Я удержался от рассказа о своем отце, который до сих пор водит машину и навещает прихожан. Отец был десятью годами моложе — в таком возрасте это целая жизнь.
— А… — он задумался. — Полагаю, в худшем случае эта поездка меня убьет. Тогда вам придется доставить мое тело обратно в Париж и похоронить рядом с Од Виньо. Умереть от усталости в красивой деревушке — не такая уж плохая судьба.
Я не знал, что сказать, однако он хихикнул в трубку, и я тоже рассмеялся. Как мне хотелось поделиться с ним новостью. Как жаль, что Мэри не познакомится с этим человеком, который годится ей в деды или в прадеды, который так похож на нее: длинные тонкие ноги и вкрадчивый юмор.
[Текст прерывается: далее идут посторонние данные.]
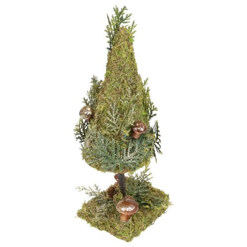 Fir tree decoration tree moss cones mushrooms green gold H35cm

— Можно заехать за вами завтра в девять?
— Да. Я не буду спать ночь.
Он повесил трубку.
Вести машину по Парижу — кошмар для иностранца. Я мог решиться на такое только ради Беатрис, и у меня хватило благоразумия попросту закрыть глаза — они то и дело лезли на лоб — в надежде уцелеть среди бешеного движения, незнакомых дорожных знаков и улиц с односторонним движением. Я весь взмок к тому времени, как добрался до дома Генри Робинсона и с облегчением нашел место для парковки, пусть и в нарушение правил. Я оставил фары мигать на те двадцать минут, за которые мы с Ивонной свели его вниз по лестнице. Будь на моем месте Роберт Оливер, он бы просто поднял старика на руки и отнес к машине, но я не решился даже предложить ничего подобного. Он занял переднее сиденье, а его домохозяйка положила в багажник складную инвалидную коляску и запасной плед. Я с облегчением вздохнул: хоть по некоторым деревенским улицам мы сумеем проехать.
Мы остались живы, одолев один из главных бульваров. Генри, указывая дорогу, продемонстрировал на удивление хорошую память. С бульвара свернули на окраину, в просветах домов раз-другой блеснула Сена, дальше начались извилистые дороги, леса, первые деревни. В часе езды на запад от Парижа местность стала более изрезанной. Я впервые попал в эти места. Появились крутые холмы, дома с шиферными крышами, живописные церквушки и старые деревья, изгороди, которые захлестнула первая волна распустившихся роз. Я открыл окно, вдохнул свежий воздух. Генри, молчаливый, с восковым лицом, все смотрел по сторонам, порой улыбался.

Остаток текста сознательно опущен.